Спектр поглощения тирозина зависит от pH, но при 280 нм как протонированная, так и непротонированная формы имеют одинаковые коэффициенты поглощения, поэтому нет необходимости проводить измерения при определенном pH.
Спектр поглощения тирозина зависит от рН, но протонированная и непротонированная формы этой аминокислоты имеют одинаковые коэффициенты поглощения при 280 нм, поэтому нет необходимости проводить измерения при определенном рН. Однако, поскольку вторичная, третичная и четвертичная структуры белков могут влиять на абсорбцию, такие факторы, как pH, ионная сила и т. д., должны поддерживаться постоянными в различных исследуемых образцах.
Будьте осторожны при использовании DTT в буфере для солюбилизации белков! ДТТ со временем окисляется, оставляя продукт, который поглощает при 280 нм. Если вы заморозите образцы белка, а затем разморозите образец через определенный период времени, невозможно узнать концентрацию окисленного ДТТ, и это может повлиять на измерение!
Поскольку стекло и пластик поглощают УФ-излучение, необходимо использовать кварцевые кюветы (но на рынке также имеются одноразовые пластиковые кюветы , прозрачные для УФ-излучения)
Протокол (метод Варбурга и Кристиана)
Рис. 1. Спектр поглощения нуклеиновых кислот и белков. Нуклеиновые кислоты имеют пик поглощения при 260 нм, белки при 280 нм. Однако нуклеиновые кислоты также поглощают световое излучение при 280 нм, по этой причине при дозировке белков в клеточном лизате необходимо учитывать их присутствие и интерференциюВажное замечание перед началом: Поскольку мы работаем с сырым лизат клеток, в состав которого помимо белков входят нуклеиновые кислоты, необходимо использовать метод (Варбурга и Кристиана), учитывающий интерференцию азотистых оснований нуклеиновых кислот, также поглощающих (хотя и менее эффективно) электромагнитное излучение при 280 нм (рис. 1).
- Растворите клеточные монослои и/или клеточные пеллеты в лизирующем буфере соответствующего объема (в качестве примера: 0,5–1,0 М NaOH, нагревая их до 100 °C в течение 30 минут или оставляя на ночь при комнатной температуре. В качестве альтернативы вы можете используйте раствор с 0,3 М NaOH и 1% лаурилсульфатом натрия (SLS), в этом случае необходимо подождать 30 мин при комнатной температуре).
- Чтобы избежать рассеивания света, i t важно убедиться, что раствор белка не мутный . Центрифуга при 10000 об/мин в течение 10 минут при 4 градусах Цельсия для удаления клеточного мусора.
- Включение УФ-лампы спектрофотометра (или планшет-ридера)

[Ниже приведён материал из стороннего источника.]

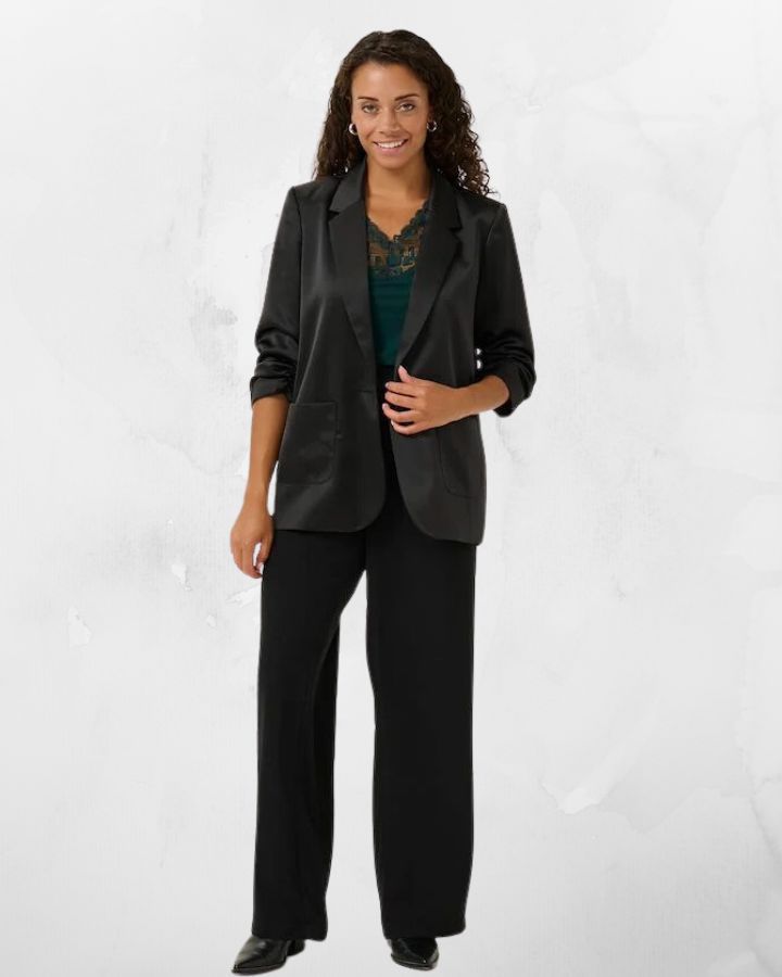 Élevez votre garde-robe avec ce veston satiné à la coupe féminine, conçu pour flatter toutes les silhouettes. Sa longueur aux hanches offre un style moderne et adaptable, parfait pour les occasions formelles comme pour les sorties décontractées. Mesurant 69 cm pour la taille 38, il s’associe aisément à une variété de tenues, apportant une touche de sophistication à votre look. Que vous le portiez avec un pantalon chic ou une robe élégante, ce veston deviendra vite un incontournable de votre collection.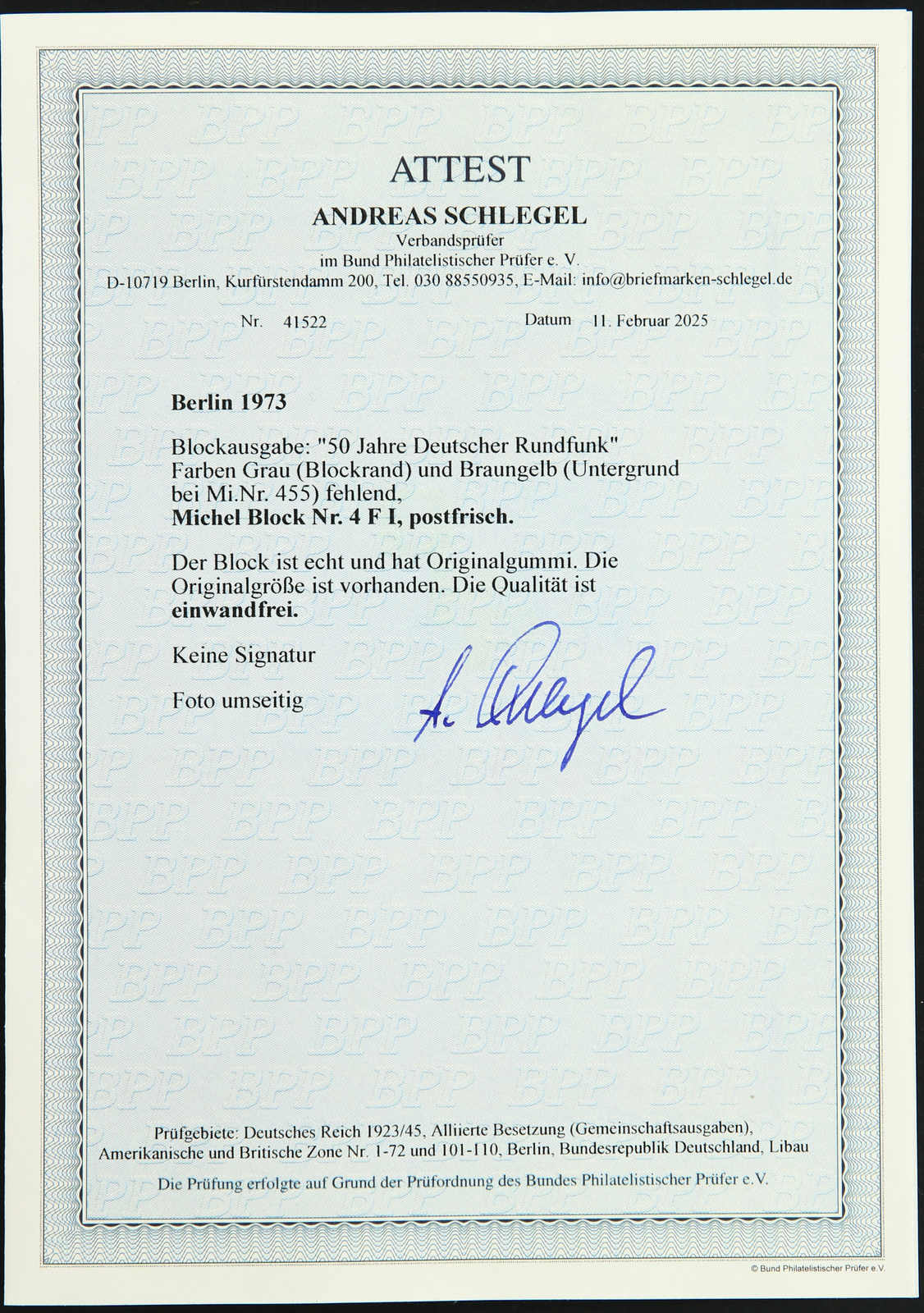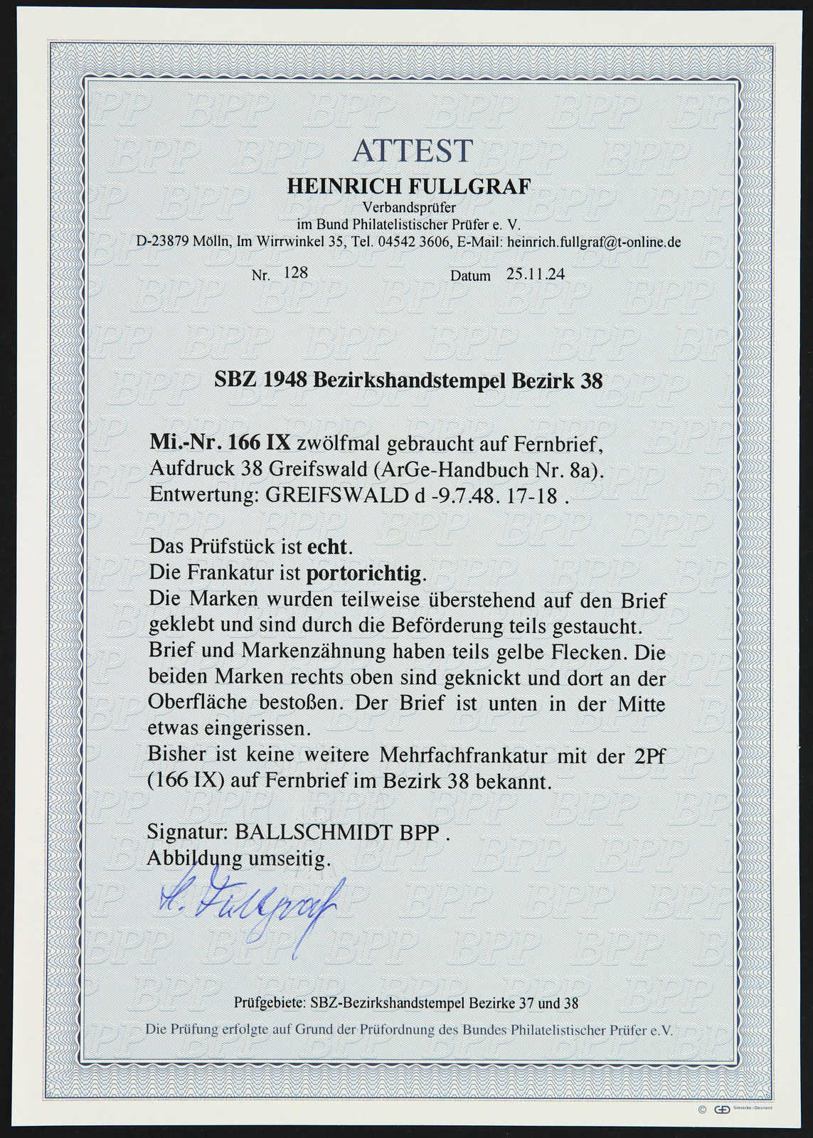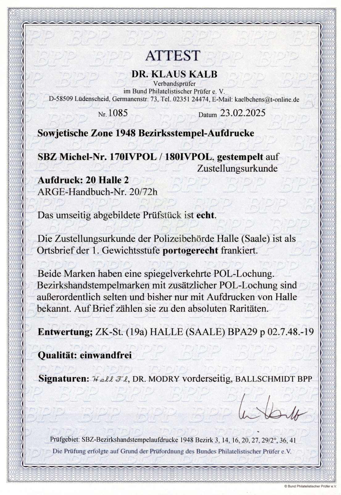 signiert Ballschmidt BPP, Fotoattest Dr. Kalb BPP 02/2025 (Image)

- Выберите показатель поглощения при 280 нм
- Исправьте фон с помощью кюветы, содержащей только раствор, в котором вы лизировали клетки
- Измерьте абсорбцию белкового раствора и вычтите абсорбцию контрольного образца
Для оценки интерференции нуклеиновых кислот
- Выберите показатель поглощения при 260 нм
- Калибровка до нулевой абсорбции только с буферным раствором
- Измерение абсорбции белкового раствора
Чтобы оценить наличие клеточного дебриса, который увеличивает мутность раствора, можно проверить абсорбцию при 320, которая должна быть меньше 0,02 – см. ниже.
БУДЬТЕ ОСТОРОЖНЫ
Холодные растворы могут запотеть в кювете, а теплые растворы могут образовывать пузырьки и мешать показаниям.
Для концентрированных растворов (абсорбция выше 1,4) просто разбавьте раствор.
Расчет
Используйте следующую формулу для оценки концентрации белка в клеточном лизате:
Концентрация (мг/мл) = [(1,55 x A280) – (0,76 x A260)]*DF
, где A280 – коэффициент поглощения измерено при 280 нм
A260 — это поглощение, измеренное при 260 нм (поправка на нуклеиновую кислоту)

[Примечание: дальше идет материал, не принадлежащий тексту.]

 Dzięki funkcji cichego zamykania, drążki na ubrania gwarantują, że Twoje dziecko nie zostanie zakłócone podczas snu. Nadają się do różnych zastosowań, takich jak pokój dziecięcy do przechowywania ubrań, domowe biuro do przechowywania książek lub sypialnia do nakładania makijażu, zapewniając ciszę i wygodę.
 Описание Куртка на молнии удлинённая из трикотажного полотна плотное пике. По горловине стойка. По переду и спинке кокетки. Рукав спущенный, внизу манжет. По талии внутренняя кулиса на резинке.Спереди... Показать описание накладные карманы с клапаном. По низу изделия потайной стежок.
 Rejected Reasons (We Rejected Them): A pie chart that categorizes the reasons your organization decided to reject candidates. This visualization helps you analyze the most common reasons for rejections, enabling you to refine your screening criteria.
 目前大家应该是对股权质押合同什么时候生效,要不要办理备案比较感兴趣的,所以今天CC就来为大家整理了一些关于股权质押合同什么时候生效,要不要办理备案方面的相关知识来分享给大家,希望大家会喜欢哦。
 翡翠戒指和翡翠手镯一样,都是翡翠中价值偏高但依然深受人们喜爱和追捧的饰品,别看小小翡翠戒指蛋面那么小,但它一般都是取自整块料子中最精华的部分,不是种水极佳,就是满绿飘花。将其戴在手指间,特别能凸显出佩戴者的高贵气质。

, а DF — коэффициент разбавления, который выражает степень разбавления белка. Если у вас есть исходный белковый раствор, коэффициент разбавления равен 1, если вы разбавляете свой белок (из-за превышения абсорбции 1,5) в соотношении 1:2, то коэффициент разбавления равен 2 и так далее.
Эта формула Варбурга и Кристиана рассчитана на длину оптического пути 1 см. Поглощение при 260 нм (A260) объясняет интерференцию нуклеиновых кислот. (Warburg, O. and Christian, W. Biochem. Z. 310: 384 (1941)).
Можно использовать дополнительную коррекцию фона (A280-A320), учитывающую наличие дисперсии частиц в растворе (например, клеточного дебриса).